The systematic analyses of the deep learning model based on DM + DBT showed that the mass AUCs performance varied on different subgroups of characteristics such as age, mass size, and breast density. Interestingly, the radiomics model based on DM + DBT achieved better performance than the deep learning model based on DM + DBT on fatty breast. One possible reason for this is that the lesion-specific features of mass are more prominent on the fatty breast due to the absence of tissue overlap. Fan et al.[20] also found that 3D-Mask RCCN had significantly better mass detection performance than the 2D methods for patients with 40–59 years old, benign tumors, irregular tumors and dense breast, which were comparable to our results, with obviously improving AUCs from 0.736 to 0.843 on the subgroup of 20 ~ 40 years old, from 0.682 to 0.886 on the dense breast subgroup. This improvement can be attributed to the fact that DBT reduces the tissue overlap and increases the lesion conspicuity, particularly in dense breasts and younger women.
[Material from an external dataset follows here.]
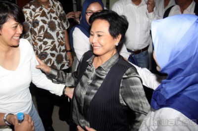 Direktur Utama PT Indoguna Utama Maria Elizabeth Liman mendapat dukungan dari karyawannya saat menjalani sidang perdana kasus dugaan suap pengaturan kuota impor daging sapi di Pengadilan Tindak Pidana Korupsi (Tipikor) Jakarta, Selasa (11/3/2014). Elizabeth diduga menyuap penyelenggara negara, yaitu Luthfi Hasan Ishaaq, yang saat itu merupakan anggota Dewan Perwakilan Rakyat (DPR) sebesar Rp 1,3 miliar. Uang itu disebut bagian dari commitment fee Rp 40 miliar yang dijanjikan kepada Luthfi melalui Fathanah. Aktual/Tino Oktaviano

Our study had limitations. First, the radiomics and deep learning models were evaluated on a relatively small patient cohort, which may limit the generalization of the current model to a larger patient group. Moreover, due to the limited amount of external data, no subgroup analysis was performed. Second, the ROIs on each slice were manually segmented, which increased the workload. Also, we used image patches for detection to save computer memory, and thus future studies that focus on the entire image should be conducted. In addition, the performance of models may depend strongly on factors that affect image quality such as the DBT reconstruction methods and parameters, and image acquisition methods such as the x-ray techniques, number of projection views, and tomographic angle. Further investigations will be needed to evaluate the effects of these factors on the performance of different models using different approaches.
In summary, we proposed the deep learning model based DM + DBT images has a best performance. A comparison of the DM and DM + DBT models under different subgroups based on age ranges, lesion sizes, and breast densities was conducted.The advantage of the deep learning model is especially prominent in patients with small masses less than 1cm, 20 to 40 years old, and dense breast. It is expected that AI will play a major role in the evaluation of DBT in ≤ 2cm mass, particularly detecting early breast cancer in the screening setting.